[Common/PyTorch] bugfix: Token-linear fused RoPE impl. for THD tensors. by plugyawn · Pull Request #3057 · NVIDIA/TransformerEngine

plugyawn · 2026-05-28T20:51:37Z

Description

Adds a token-linear implementation of the existing THD fused RoPE path to remove a launch-scaling bug.

Addresses #2866, which finds an interesting case with RoPE scales by freqs_len × n_spans, which is pathological; it should scale by total tokens. I reproduced the issue and found that it's causing a noticeable drops on even plausibly routine shapes. For eg: the [128/512] and [512/128] cases here.

The new kernel reuses the existing fused_rope_block_forward and fused_rope_block_backward device helpers, so the math doesn't change. All we need to do is add a THD-only path that launches one bloc/packed token.

n_seqs	max span	old layer fwd+bwd (ms)	new layer fwd+bwd (ms)	layer speedup	old paired-RoPE share	new paired-RoPE share
128	512	41.8151	23.0284	1.816x	49.12%	6.14%
512	128	102.1047	23.0167	4.436x	79.38%	6.59%
1024	64	182.9933	23.3783	7.827x	88.36%	6.77%
2401	28	401.0516	24.5668	16.325x	94.40%	6.41%

This is mostly pathological, however, so I've added a condition on the dispatch to avoid the unnecessary binary search overhead, although the overhead appears to be not-that-relevant. The condition is: token-linear only when b >= 64 and the old launch would issue ≥ 8× as many blocks as there are tokens.
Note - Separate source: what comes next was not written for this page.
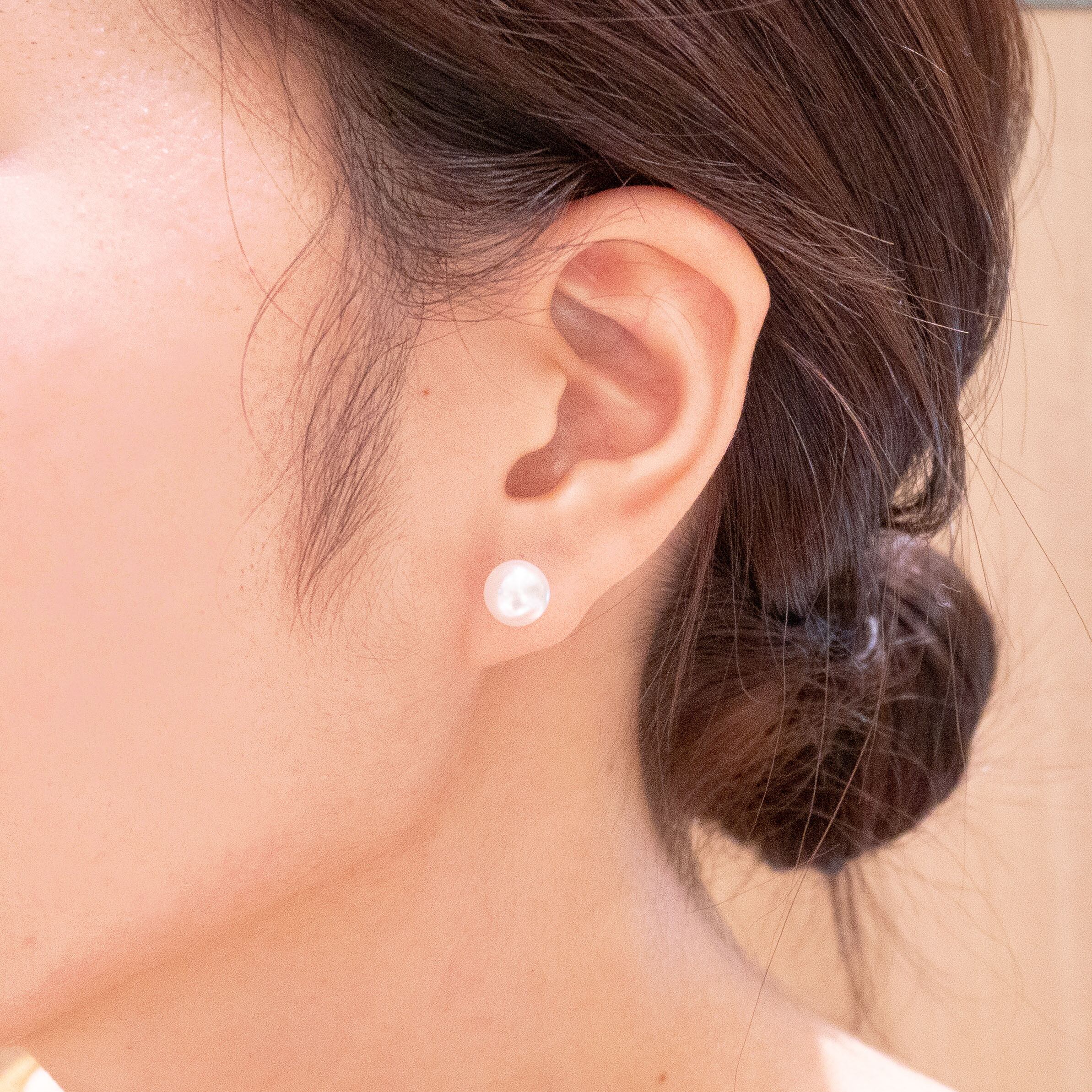 ピアスのキャッチの部分はパールキャッチになっているので、横から見た時でも無機質な金具が見えず、とてもお洒落。

I'm not sure if this the usual shape of TE updates, so I could remove it!

Some more relevant tests:
Microbenchmark on H100 (bf16, h=32, d=d2=128, freqs_len=T_local=65536, single GPU):

n_seqs	old fwd+bwd (ms)	new fwd+bwd (ms)	speedup
1	1.2746	1.2734	1.001x
8	1.8860	1.3827	1.364x
32	3.9359	1.4462	2.722x
128	12.1849	1.5024	8.110x
512	44.9411	1.5600	28.808x
1024	89.1110	1.5919	55.977x
2401	208.4182	1.6373	127.296x

Fixes: #2866.

Type of change

Documentation change (change only to the documentation, either a fix or a new content)
Bug fix (non-breaking change which fixes an issue)
New feature (non-breaking change which adds functionality)
Breaking change (fix or feature that would cause existing functionality to not work as expected)
Infra/Build change
Code refactoring

Changes

Please list the changes introduced in this PR:

Add token-linear THD fused RoPE forward/backward kernels that launch one CUDA block per packed local token row.
Add NVTE_FUSED_ROPE_THD_TOKEN_LINEAR=0|1.
Reuses existing fused_rope_block_forward and fused_rope_block_backward device helpers.

Checklist:

I have read and followed the contributing guidelines
The functionality is complete
I have commented my code, particularly in hard-to-understand areas
I have made corresponding changes to the documentation <<(none?)>>
My changes generate no new warnings
I have added tests that prove my fix is effective or that my feature works
New and existing unit tests pass locally with my changes

greptile-apps · 2026-05-28T21:02:01Z

Greptile Summary

This PR fixes a launch-scaling bug in the THD fused RoPE path where the original kernel launched freqs_len × n_seqs CUDA blocks (most of which were dead blocks that early-exited), instead of only the total_tokens actually present in the packed batch. Two new CUDA kernels dispatch exactly one block per packed local token row and locate the owning sequence via binary search over cu_seqlens, reusing the existing fused_rope_block_forward/backward device helpers so the per-token math is unchanged.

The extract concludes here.